这位年轻的王爷,压迫感浓烈的足够叫人窒息。
并非位居高位,还是有种常年浸润权势的龙章凤姿, 便是眉眼看似清冷温雅, 端正如玉, 与他直视都有些胸口发窒的压迫感。
“明姝妹妹,献王这是疼你呢。”赵清茹好意提醒,之前在宫里,献王也是护着阮明姝的,离开一时片刻都放心不下。
阮明姝当她在恭维自己, 沈嗣哪里会心疼人?
他就是块硬邦邦的石头,心硬似铁,蛮横专断, 许多事都不肯通融半分。就算她拉下面子对他撒个娇, 他也常常不为所动。

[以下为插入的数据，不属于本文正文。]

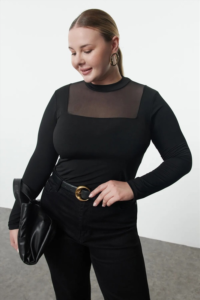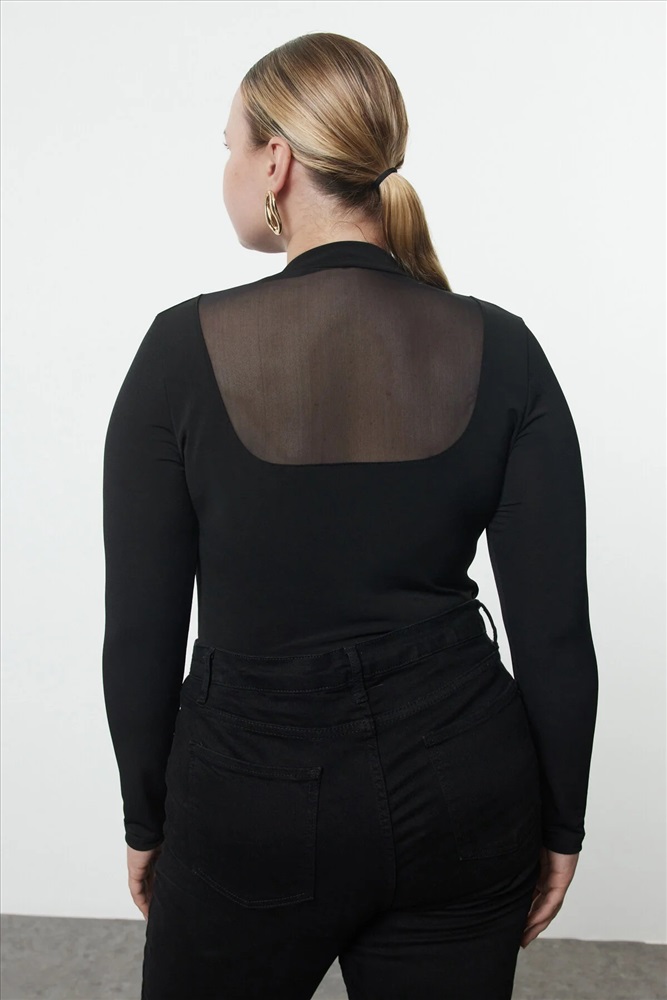 Siyah Fitted/Vücuda Oturan Tül Detaylı Uzun Kollu Dik Yaka Esnek Çıtçıtlı Örme Body TBBAW25CS00003

阮明姝也不会当这么多人的面,反驳赵清茹的话,说她的夫君不心疼她, 这岂不是打了自己的脸?
她敷衍点点头:“夫君是待我无微不至。”
赵清茹看她和看着自己家的妹妹没什么两样, “你吃过了没有?”
阮明姝感觉赵清茹对她很殷勤,非同一般。
无事献殷勤,非奸即盗。
她对赵清茹依旧警惕, 以前她可没有少找过赵清茹的麻烦, 有时候赵府的人也会被她烦得不屑于应付, 她就躲在暗处,静悄悄蹲守出门的赵清茹。
赵清茹都不会记仇吗?如此大度,不计前嫌。
阮明姝说:“吃过了。”
赵清茹还记得她爱吃桃花酥,即便是听见她已经用过早膳,还是叫人端来几碟子的点心,准备好了茶水,请她坐着歇息。
今日府里人多眼杂,就怕她又乱跑出了事情。
赵清茹的妹妹赵清梦就不怎么喜欢阮明姝,每次见她都不禁想感叹这个世上怎么有这么多事的女人?骄纵奢侈,目中无人。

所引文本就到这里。